[Date Prev][Date Next][Thread Prev][Thread Next][Date Index][Thread Index]

Re: My prod at IDN requirements



--On 2000-01-04 11.04 +0800, James Seng <jseng@pobox.org.sg> wrote:

> this will be a problem if ISO10646 is used. because of the CJK unification
> (arggh who is the idiot?)

The BIG question is from my point of view whether CJK unification should be 
used here, or not (because it is bad). If it is not, can this group create 
something better? See though column 1 and 14 of 
ftp://ftp.unicode.org/Public/UNIDATA/UnicodeData.txt and 
ftp://ftp.unicode.org/Public/UNIDATA/SpecialCasing.txt before answering... 
:-)

Traditionally the IETF is better at (a) Grandfathering something created 
elsewhere and (b) Forced that "other" body to do a good job, than doing 
something from scratch.

I am not saying that you should adopt everything already done, but think 
twice if it is not (still) better to use something that is done...

The same thing with equality and casing. Being a western-european person, 
only working with some inuit charsets needed in Canada, and helping some 
people in the far eastern library in Stockholm with chinese character sets 
on the mac, I of course do not know enough about these things -- BUT, I see 
that the UNICODE consortium have defined the decomposition rules which 
makes it possible to write code which does comparison of characters (not 
sorting).  (See column 1 and 6 of 
ftp://ftp.unicode.org/Public/UNIDATA/UnicodeData.txt)

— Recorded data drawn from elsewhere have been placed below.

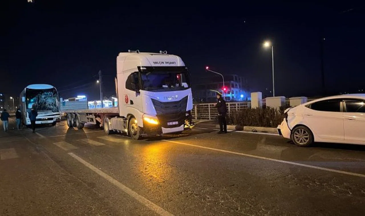 Kayseri'nin Kocasinan ilçesinde yolcu otobüsü, tır ve otomobilin karıştığı zincirleme trafik kazasında 2 kişi yaralandı.
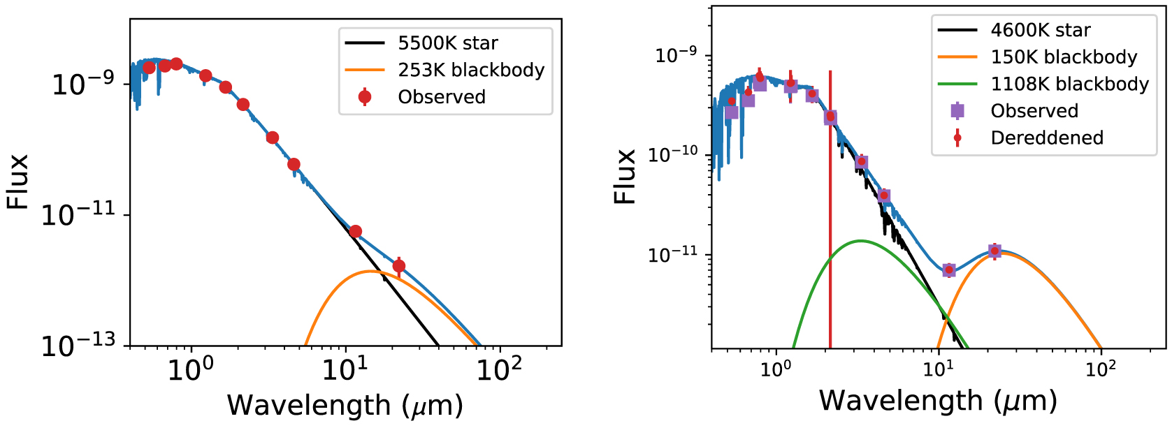 Figure 15. SEDs for J0441 (left) and J0925 (right). The photometry comes from Gaia DR2, 2MASS, WISE, and (for J0925) the Deep Near Infrared Survey of the Southern Sky (DENIS). Each star is fit by a BT-Settl/CIFIST stellar model (Baraffe et al. 2015), and the infrared excess is modeled by one or two blackbody functions. Data for J0925 are dereddened following the Fitzpatrick (1999) dereddening law as modified by Indebetouw et al. (2005). Note that the hot component of the excess emission from J0925 is variable, according to WISE photometry.
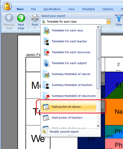Select that Wall poster from the list of available reports:
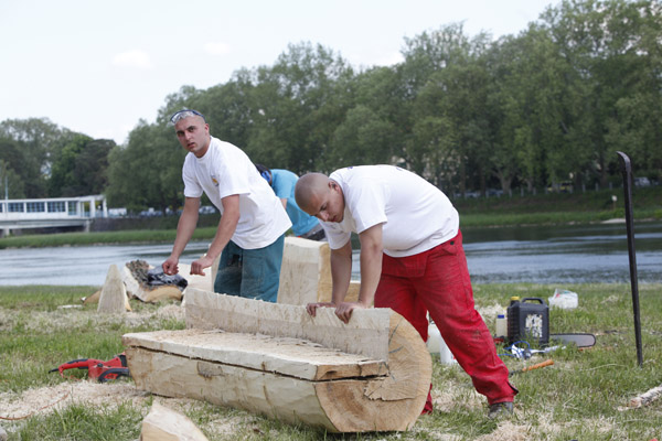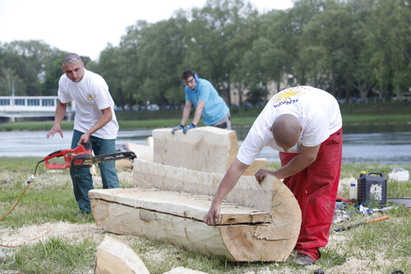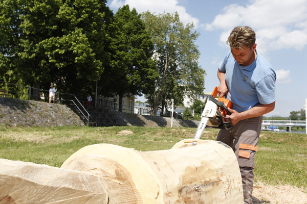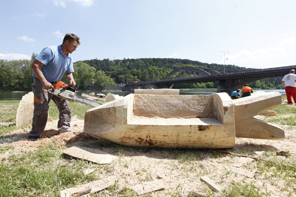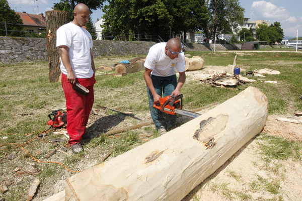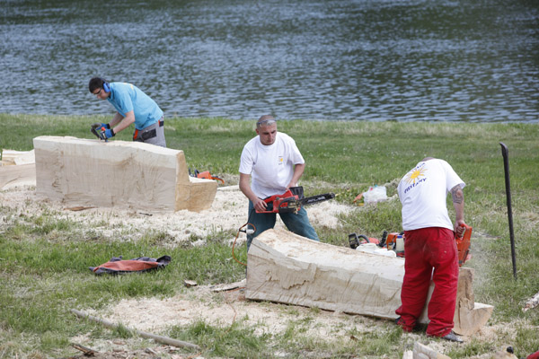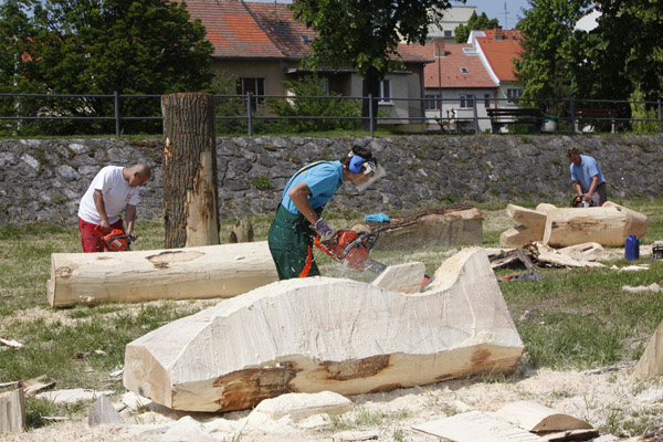 Zvuk motorových píl sa rozliehal v piatok 13. mája nábrežím Váhu pri Krajinskom moste v Piešťanoch. Nie, nepadali stromy, to sa len šestica rezbárov pustila do výroby lavičiek v rámci rezbárskeho sympózia Sĺňavské slnko (13.-15.5.). Akcie sa zúčastňujú známi rezbári, ale aj študenti, ktorí by sa radi niečo priučili.
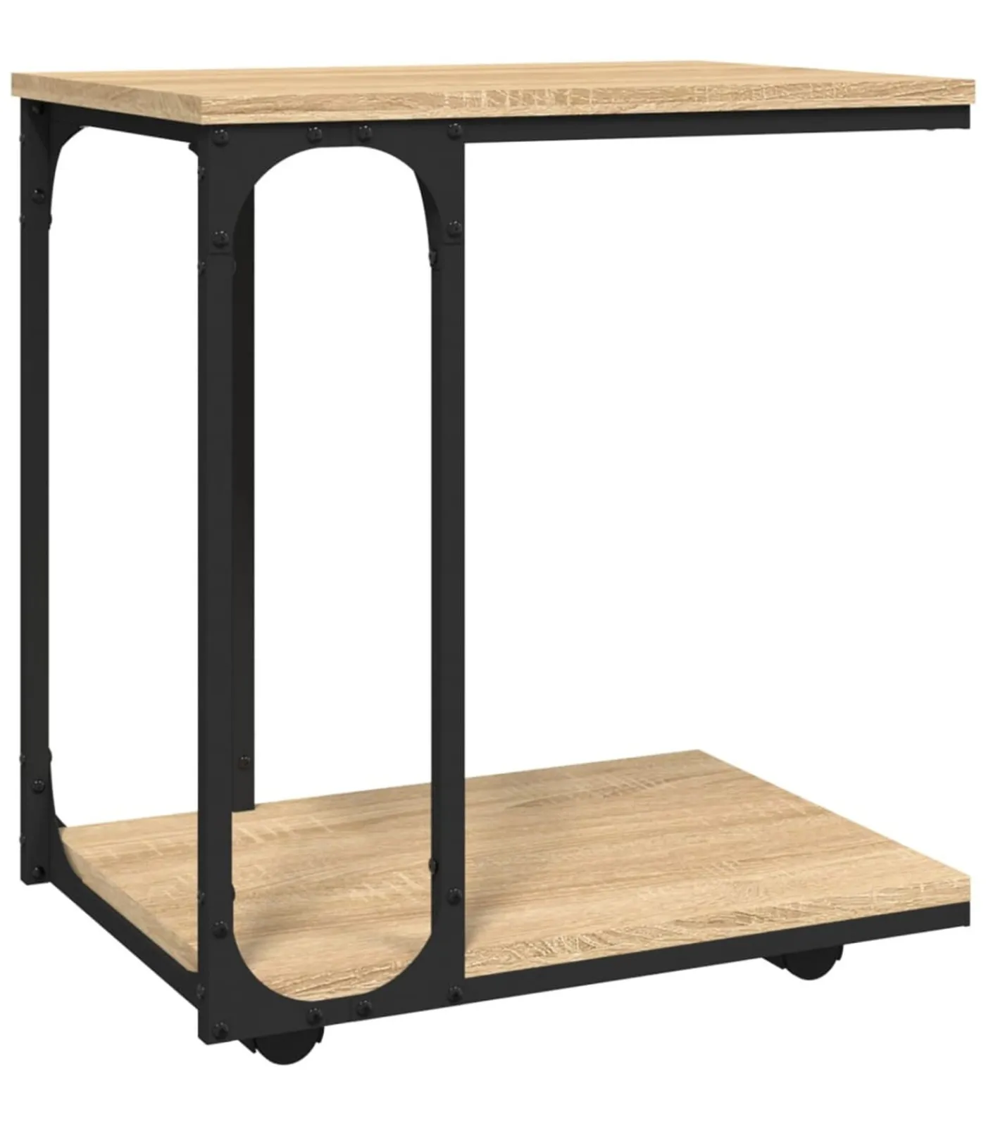 C–vormig ontwerp: dankzij het C–vormige ontwerp kun je het onderste deel van de tafel eenvoudig onder banken, bedden, tafels en ligstoelen plaatsen. Hierdoor is hij ruimtebesparend en handig in gebruik.

Are those rules too bad to use for equality definitions? Can we do anything 
better?

If those rules are used, I read the table from Harald the following way:

> For matching records, Choose One:
>
>    it matters whether matching is consistent across all servers

Yes

>    it doesn't matter whether matching is consistent across all servers

No

>    i18c Cyrillic A must compare equal to Latin A
>    i18c Cyrillic A must compare not equal to Latin A

U+0410 eq U+0041?

No

>    i18c A with Ring Above must compare equal to a with ring above
>    i18c A with Ring Above must compare not equal to a with ring above

U+00C5 eq U+00E5?

Yes

>    i18c ASCII A must compare equal to a
>    i18c ASCII A must compare not equal to a

0x41 eq U+0041?

Yes

>    i18c A + COMBINING RING ABOVE must compare equal to A with Ring Above
>    i18c A + COMBINING RING ABOVE must not compare equal to A with Ring
>    Above

(U+0041 + U+030A) eq U+00C5?

Yes


I know we were supposed to come up with requirements, but I "just" wanted 
to show what is possible to define given _one_ specific set of rules 
created somewhere else. Whether those rules are good or bad, a different 
question. I personaly think the questions from Harald were extremely good, 
and when having answers to them, we can see if we need to create our own 
rules, or if we can use something created elsewhere.

Regarding what Martin wrote, the question whether the server or the user 
should define equality, I must say that it must be the same. A user 
initiates a query to a DNS server, and the server is going to return 
records depending on equality definitions in the server. Compared with a 
more "normal" white-pages query in a database, the user does not do a 
post-processing of any kind. I.e. getting false-positives back from a 
server is not an option in DNS -- but one can use that method extremely 
effective when doing white-pages services. I.e. it is better to return some 
extra records than risking missing one. In the case of DNS, we need to 
define equality in such a way that we get back the same result all the 
time. From all servers.

   paf